As far as I see it, the main priority of CV is for helping and providing appropriate identifications. It has a second role of speeding up IDs, as well (often times waiting for CV to load is far quicker than typing a name and selecting it from the list).

There have been many times personally where CV suggested a species that was not “seen nearby” and it has been correct. So it’s actually been a big help especially when I was in Australia; a lot of the species were Asian and weedy there, but not otherwise reported on iNat yet.

My ideal vision for CV would incorporate all of these outcomes. The difficult question is “how can you control what is an appropriate suggestion that isn’t seen nearby?”, while retaining the remaining functionality. And I think it could work by using a priority list for how it displays results. Not just cutting “not seen nearby” taxa entirely, because that would be foolish and it removes the ability for CV to provide very helpful input on what something looks like without location bias. One of the main problems I see is the whole “it hasn’t been reported here, so therefore it isn’t”, and people have lower expectations about new count record or “rare” options than they should. But at the same time this still needs to meet the most important focus of CV, which is not a replacement for ID skills, but accurate suggestions.

Here’s what I feel could work. CV runs the images, and develops a number of suggestions, that would be displayed in the following order of priority.

1st priority. Genus name for the top suggestion if that species is “seen nearby”, and if that genus is not monotypic (if it is monotypic, move to 2nd priority). I say genus and not species, because often times the genus ID is vastly more accurate (by proxy of it being less specific). Species IDs tend to incur the most incorrect suggestions in my experience, especially in genera with a lot of local options.

2nd priority.
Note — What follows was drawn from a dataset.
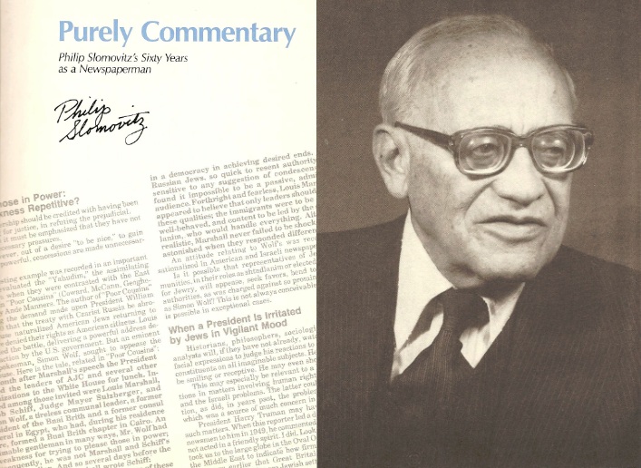This is the book in question, retired newspaperman Philip Slomovitz's Purely Commentary.
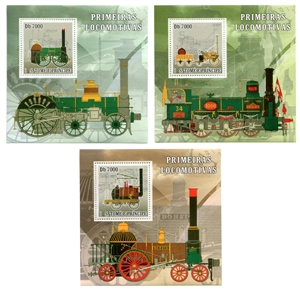 № 305А. Republic of Sao Tome and Principe. Set of postal blocks “Steam Locomotives”

Species name for the top suggestions, if that species is “seen nearby”. This provides a support to the 1st entry, but without dismissing species suggestion entirely. Very important in my eyes.

3rd priority. This is what I’ll call the “general” suggestion. This would be the family ID of the most similar taxa. By default this would incorporate “seen nearby” taxa, but if not, then it’ll just choose the next most likely decision without location bias. For instance, it looks like Ericameria and Isocoma, which are both Asteraceae, so Asteraceae will be chosen as on option. This is also helpful because for someone like me who might know the plants, and can see that the top option is wrong but is at least mostly right, it is useful having the family ID quickly available to click on.

4th priority. Other suggestions that are similar, but not “seen nearby”. For instance, I post a mint and it closely resembles a species from Europe, that isn’t known from California.

The 2nd and 4th priority lists are not restricted to one entry, though 1st and 3rd would be. At least in my head this makes the most sense in terms of how CV works best.